= Hansjörg Pauli =

Swiss musicologist

Hansjörg Pauli (3 March 1931 – 15 February 2007) was a Swiss musicologist, pianist, journalist, music critic, screenwriter, and film director.

==Life and career==
Hansjörg Pauli was born in Winterthur, Switzerland on 3 March 1931. He studied at the Winterthur Conservatory from which he graduated in 1953. He pursued further studies in London with Hans Keller. He began working as a music critic and journalist for Swiss newspapers in 1956. One of the publications he wrote criticism for was Neues Winterthurer Tageblatt. He also worked as a jazz pianist in the 1950s.

From 1960 to 1965 Pauli worked at Radio Zürich on new music broadcasts, and between 1965 and 1968 he was a music editor for NDR-Fernsehen where he directed TV documentaries and produced films by Richard Leacock, Rolf Liebermann, Klaus Wildenhahn and others. Starting in 1968 he became a freelance writer. He joined the faculty of the University of Television and Film Munich in 1969.

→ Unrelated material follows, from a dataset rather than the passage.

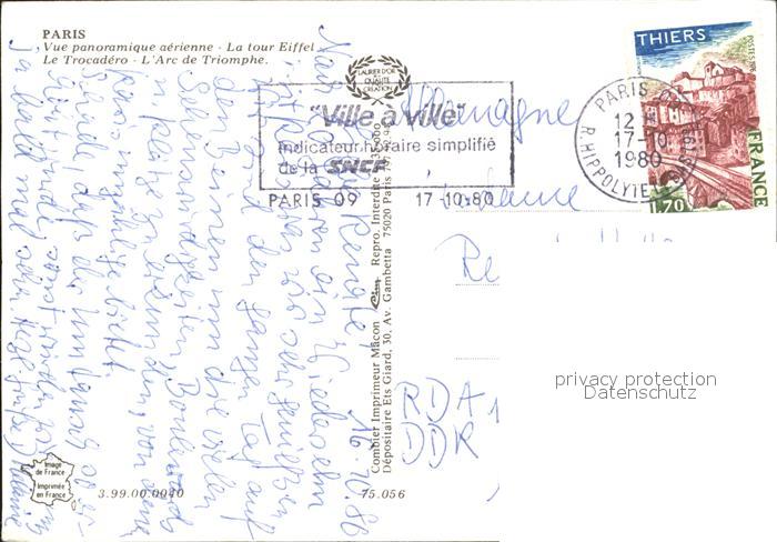 12272930 carte postale Paris Fliegeraufnahme Eiffel Turm postalisch gelaufen Erhaltung siehe scans KatCode: 11170075175056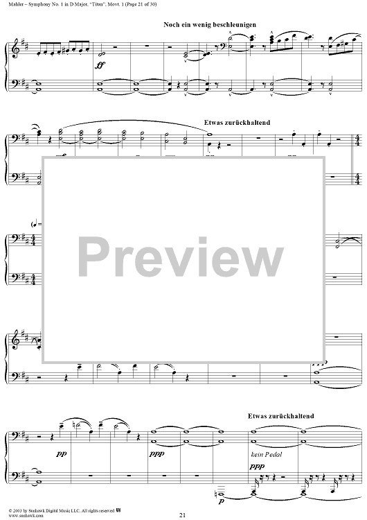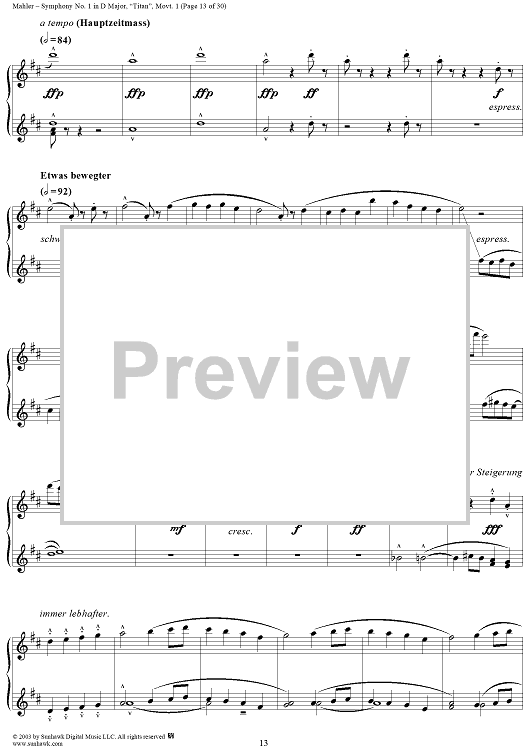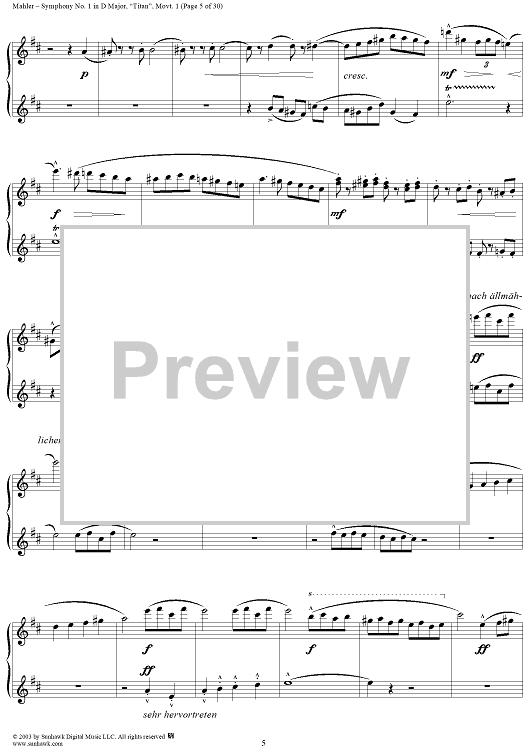 "Symphony No. 1 in D Major, "Titan", Movement 1" Sheet Music by Gustav Mahler

Pauli was a prominent authority on the music of Luigi Nono. He also worked on films as a screenwriter and director. Films he wrote and directed himself include Webern, oder Ein Leben für die Kunst (1971–3), Strawinsky Weekend (1972–3), and Klänge machen Leute: Funktion und Mechanik von Filmmusik (1973).

==Articles by Hansjörg Pauli==
- 'On Strawinsky's Threni, Tempo, New Series, No. 49 (Autumn, 1958), pp. 16–17+21-33
- 'Hans Werner Henze's Italian Music', The Score, No.25, June 1959
- 'Für wen komponieren Sie eigentlich?' Reihe Fischer, vol. F 16. Frankfurt am Main: Fischer, 1971.
- 'Bernard Herrmanns Musik zu Citizen Kane', Dissonance 26 (November 1990): 12–18.